2.5 years could be it for your starter battery. Its best to have them both the same age or the old one will hurt the new one. 

Off to the boat, best of luck.


----------



## TrueBlue (Oct 11, 2004)

If the battery banks are both fully charged, hold at least a 12 volt charge, and none of your 12 devices are working while underway, there's obviously a short or poor wire contact somewhere in the electrical system. 

You'll need to test the circuits for continuity, starting from the batttery terminal posts to each device to find the fault.


----------



## sailhog (Dec 11, 2006)

BF,
I had them on both last night in order to recharge them. I'm thinking I made a stupid mistake... The only time I plug my boat in is when we're overnighting at a marina. I still don't see why these 12v functions don't work when they've got enough juice to start the engine.


----------



## sailhog (Dec 11, 2006)

TrueBlue said:


> If the battery banks are both fully charged, hold at least a 12 volt charge, and none of your 12 devices are working while underway, there's obviously a short or poor wire contact somewhere in the electrical system.
> 
> You'll need to test the circuits for continuity, starting from the batttery terminal posts to each device to find the fault.


TB,
Nothing comes on even when the engine is running, which leads me to believe that it isn't necessarily the batteries. I'll need to get the batts tested. I need to do a lot of stuff...


----------



## sailingdog (Mar 19, 2006)

SH—

Is it time to start running around and panicking yet???  
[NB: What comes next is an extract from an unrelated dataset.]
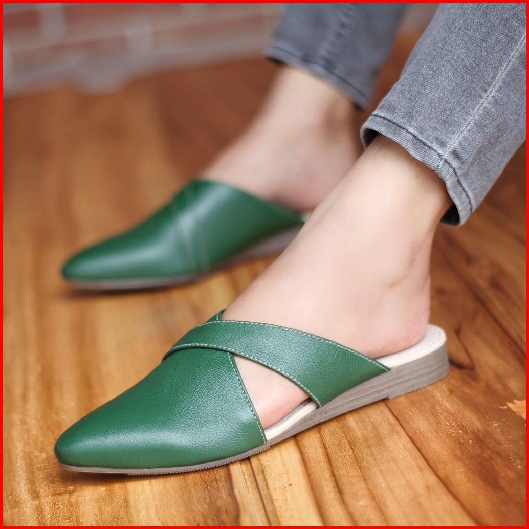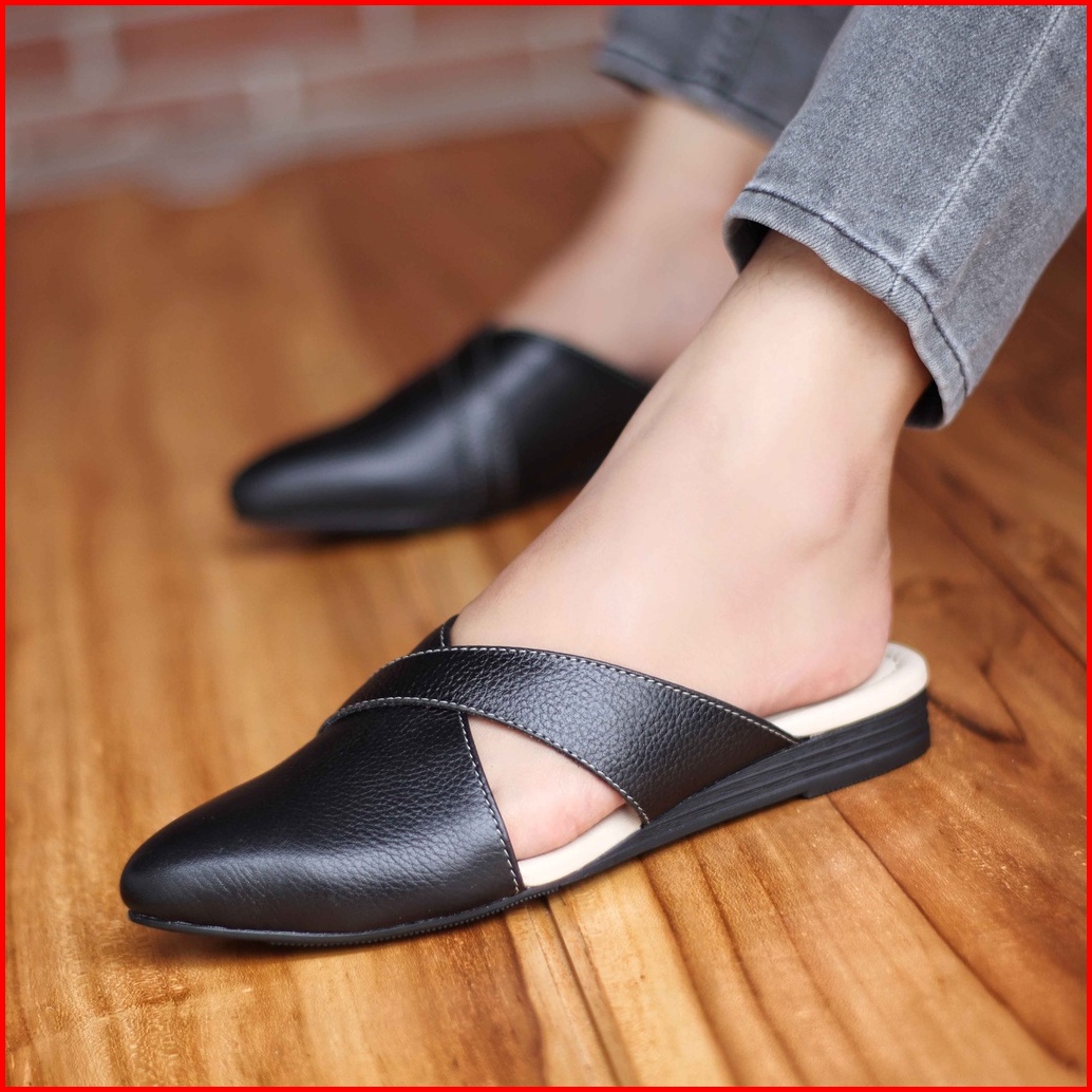Grandable - Isabel Sepatu Sandal Slop Flat Bustong Wanita Kulit Asli Tutong Cewek Kekinian Terlaris

When you were futzing with the batteries, any chance you might have blown a fuse, tripped a breaker or knocked a fuse loose??? If you have a volt-ohmmeter, you probably should check continuity on all the circuits, and also see what kind of voltages you're getting off of each battery as well as off the alternator.


----------



## PBzeer (Nov 11, 2002)

I'm guessing a bad ground connection somewhere is why the 12v system is down. The engine is running power to the batteries, so even if it's running and you aren't completing the circuit the electronics will still be down. Could also be a bad combiner switch. Did you try it on 1 or 2, or just on both?


----------



## HoffaLives (Feb 19, 2007)

Batteries don't just go like that; blind lead there I'm afraid. You have an open in the circuit somewhere, either via fuse or open connection (very common). You have starter voltage because the battery is a direct simple unfused connection to the starter, while the house circuit is more complicated. You will need a voltmeter or testing light and starting with the 1/2/off switch start following voltages till you come up empty.
I'm assuming at this point that there is no power at all to your fuse panel if nothing is working, so the problem lies between batteries, switch and fuse panel. And since you claim that input power to the batteries from the alternator is working, so it seems like there is an open between the switch and the fuse panel.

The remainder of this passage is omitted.